Monday Morning

“Charlotte,” the hat snarled. “A shitty city in a shitty state. Why did we have to have the convention here?”

“Florida wanted Donald to wear a mask,” the hair said. He was sitting on the register in front of the hotel window, the gentle flow of air conditioning wafting through his nethers.

“I’ll take any excuse not to go to Jacksonville,” the hat said, pushing cold french fries around on the bedspread.

“Jacksonville is our base,” the hair said, “Our frosted tip, frozen margs, and sandalled base.”

They both heard Donald turn off the shower, and rip down the shower curtain as he got out of the tub, cursing.

“He really should have someone in there with him,” the hair said.

“You volunteering?”

The hair didn’t answer but moved to a new spot on the louvered exhaust of the AC, which was blowing recycled jizz dust from the bed.

“BETRAYED!” Donald screamed from the bathroom. “TRAITORED!”

“That’s not a word!” the hair yelled.

“What now?” the hat asked.

“Oh, shit,” the hair said.

“Oh, shit,” the hat said

Bumps and stumbles and muttered curses flowed through the thin bathroom wall.

“I thought you said we could get through the convention before he found out,” the hat hissed.

“You’re the one that let him take his phone in the bathroom!” the hair accused.

“You know he can’t take a shit without it!”

Donald came out of the bathroom in a thick POTUS robe he took everywhere. Once white, now stained and charred black in a number of places, Donald never let anyone wash it.

“BETRAYED!” he screamed.

“What? What happened?” the hair asked innocently.

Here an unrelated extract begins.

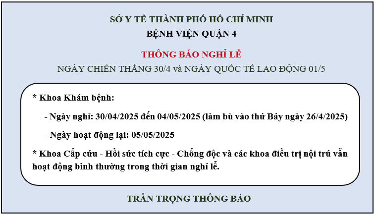 Bệnh viện Quận 4 kính gửi lịch nghỉ lễ Ngày Chiến thắng 30/4 và Quốc tế Lao động 01/5 như sau: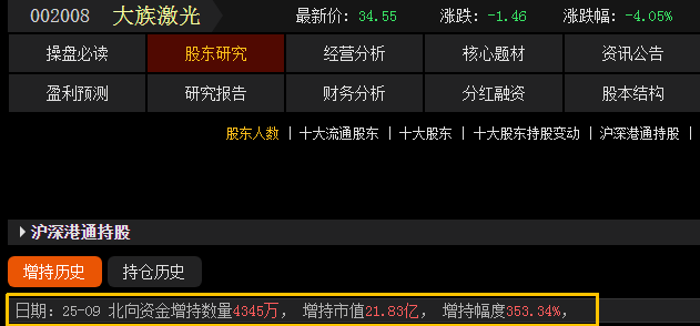 北向数据看了没,看了没?大族激光三季度北向资金增持数量4345万,增持市值21.

“She’s leaving, she’s leaving!” Donald said, shuffling his feet on the carpet.

“Who’s leaving?” the hat asked in feigned concern.

“KELLYANNE!” Donald wailed.

“Which one is that?” the hat asked.

“The really old one,” the hair supplied.

“My sweet wrinkle baby,” Donald said sadly and plopped himself down on the bed, the frame creaking dangerously, flipping the hat off to the floor.

“She’s leaving to spend more time with her family,” the hair said, stifling a laugh.

“George?” Donald asked. “George?!? Who wants to spend more time with George?”

“Donald!” the hat said. “Hope is back. You still have Hope.”

“They don’t even let her come to the Oval Office to see me anymore,” Donald said petulantly.

“That’s her choice, Donald,” the hair told him.

“Lies,” Donald grumbled.

“It’s probably because the Oval Office smells like two monkeys have been fucking in there,” the hat said.

“I’ll never see her little crinkum-crankum again,” Donald moaned, “That honeyed tangle.”

“Maybe you should be practicing your speech,” the hair suggested.

“I’m too sad, just too sad,” he said, slumping forward.

“We can find you another old woman, Donald. Straw-like hair, hooker-witch make-up, fat husband, the whole experience, man,” the hair said.

“It won’t be the same,” Donald said, laying back on the bed. Outside, clouds began to boil across the sky.